Depending how long you have been in the hobby you may remember me from Fintastics when it was still around.


----------



## jamntoast3 (May 15, 2015)

Gage365 said:


> Yeah also in Winnipeg, been dealing with Spencer for years. It's amazing how poor stocks are everywhere other the Spencers place are... Hard to find much of anything anywhere else around here, be it fish gallery, nestors, bird shop, where ever. Sad how slow the hobby seems to have become in Winnipeg. That said, even these forums are very slow compared to what I remember.
> 
> Depending how long you have been in the hobby you may remember me from Fintastics when it was still around.


dont remember Fintastics, i've only been in the hobby for a bout 5 years. yea those places are ok, sometimes they surprise me with something nice but i am almost always pleased with the pick-ups i've gotten from spencers. i used to cruise all the shops to look at what they have, now i just wait for the newest stock list. the other places just have too much of the common stuff. i guess it pays the bills but not really what i'm into. i think the sw stock outshines the fw in those shops too


----------



## Gage365 (Mar 6, 2013)

ah okay, fintastics was where the nestors on portage is, nestor bought the building from them.

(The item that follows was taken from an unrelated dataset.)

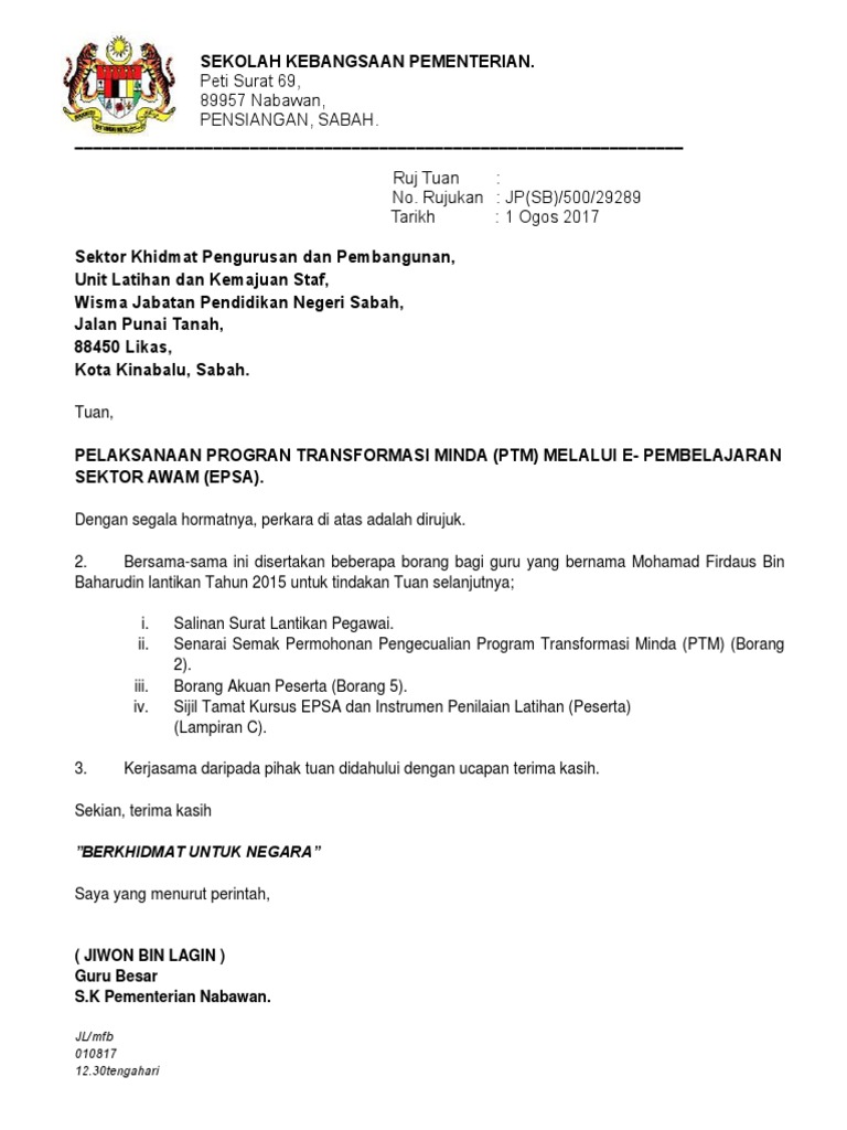 Institut latihan sektor awam negeri sabah insan tingkat 7 blok b wisma muis beg berkunci no 97 88999 kota kinabalu sabah. Institut latihan sektor awam negeri sabah insan tingkat 7 blok b wisma muis beg berkunci no 97 88999 kota kinabalu sabah. Apakah tujuan pelaksanaan program transformasi minda. Unit pengurusan sumber manusia.

Lists are the easiest way, haven`t been too impressed with any of the stores stock lists for a very long time. Oh well, hopfully the hobby will pick up again.


----------



## Iggy Newcastle (May 15, 2012)

That's a beauty Jam!


----------



## jamntoast3 (May 15, 2015)

Iggy Newcastle said:


> That's a beauty Jam!


 thanks, its growing quick too.


----------